--- PROVIDED MATERIAL ---
· · ·

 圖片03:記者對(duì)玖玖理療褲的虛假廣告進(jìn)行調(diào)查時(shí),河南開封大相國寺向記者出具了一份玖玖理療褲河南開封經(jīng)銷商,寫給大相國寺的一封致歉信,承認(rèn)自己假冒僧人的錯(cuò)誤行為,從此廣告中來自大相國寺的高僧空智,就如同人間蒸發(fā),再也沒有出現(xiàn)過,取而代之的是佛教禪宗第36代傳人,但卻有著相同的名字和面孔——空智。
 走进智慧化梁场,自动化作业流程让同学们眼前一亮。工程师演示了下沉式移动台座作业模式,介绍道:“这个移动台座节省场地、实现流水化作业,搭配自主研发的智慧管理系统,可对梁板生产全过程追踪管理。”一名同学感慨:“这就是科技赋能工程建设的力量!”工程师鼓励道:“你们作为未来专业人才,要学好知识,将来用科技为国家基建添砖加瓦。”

· · ·

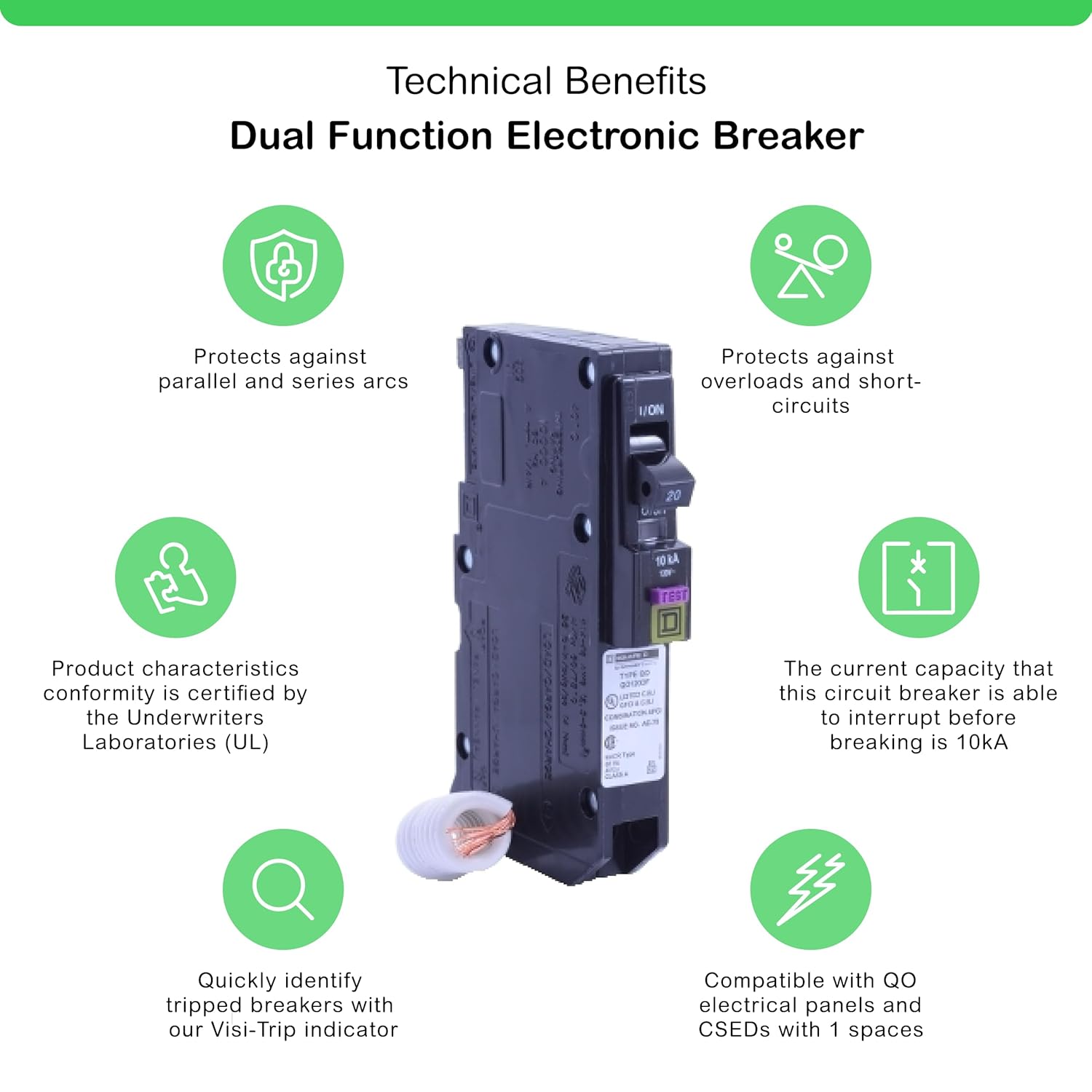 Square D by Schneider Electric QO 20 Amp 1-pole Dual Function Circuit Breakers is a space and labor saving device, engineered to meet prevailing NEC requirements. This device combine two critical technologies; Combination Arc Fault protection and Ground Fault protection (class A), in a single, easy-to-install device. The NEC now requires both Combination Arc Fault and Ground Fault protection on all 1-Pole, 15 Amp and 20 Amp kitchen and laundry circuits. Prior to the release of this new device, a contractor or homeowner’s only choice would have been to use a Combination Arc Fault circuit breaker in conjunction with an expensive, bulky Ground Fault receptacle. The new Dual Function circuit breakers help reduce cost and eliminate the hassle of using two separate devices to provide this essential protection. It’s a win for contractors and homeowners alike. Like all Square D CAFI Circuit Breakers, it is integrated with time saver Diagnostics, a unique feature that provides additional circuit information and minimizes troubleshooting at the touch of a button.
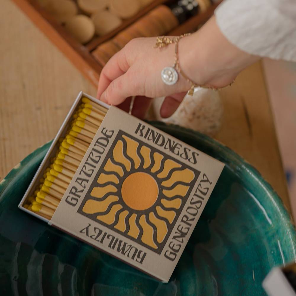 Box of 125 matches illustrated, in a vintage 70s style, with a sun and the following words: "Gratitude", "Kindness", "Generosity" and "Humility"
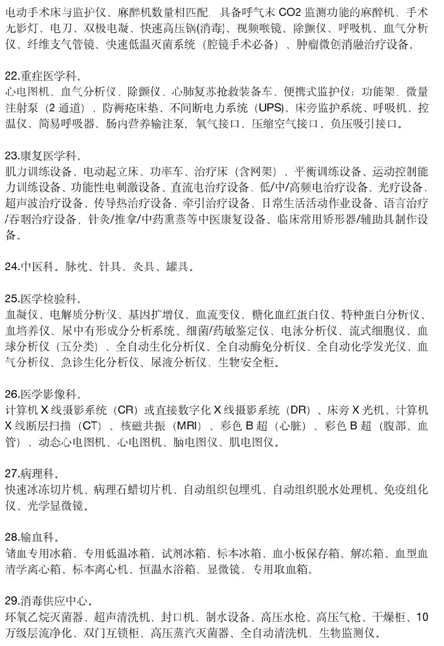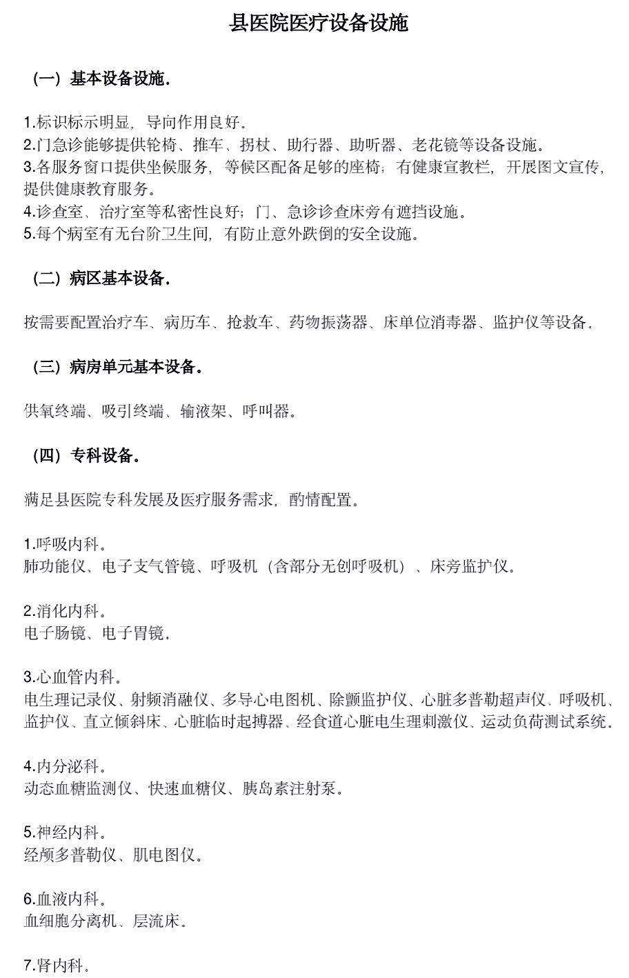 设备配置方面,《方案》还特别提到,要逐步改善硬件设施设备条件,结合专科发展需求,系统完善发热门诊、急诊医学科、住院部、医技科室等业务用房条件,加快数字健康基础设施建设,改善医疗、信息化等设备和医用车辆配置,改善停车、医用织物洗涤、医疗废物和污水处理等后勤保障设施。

· · ·

--- WORK INSTRUCTION ---
Repeat, without pictures, exactly the lines of the data above from the one containing "Box of 125 matches" through the one containing "设备配置方面,《方案》还特别", including both and adding nothing.

--- RESPONSE TO THIS EXERCISE ---
 Box of 125 matches illustrated, in a vintage 70s style, with a sun and the following words: "Gratitude", "Kindness", "Generosity" and "Humility"
 设备配置方面,《方案》还特别提到,要逐步改善硬件设施设备条件,结合专科发展需求,系统完善发热门诊、急诊医学科、住院部、医技科室等业务用房条件,加快数字健康基础设施建设,改善医疗、信息化等设备和医用车辆配置,改善停车、医用织物洗涤、医疗废物和污水处理等后勤保障设施。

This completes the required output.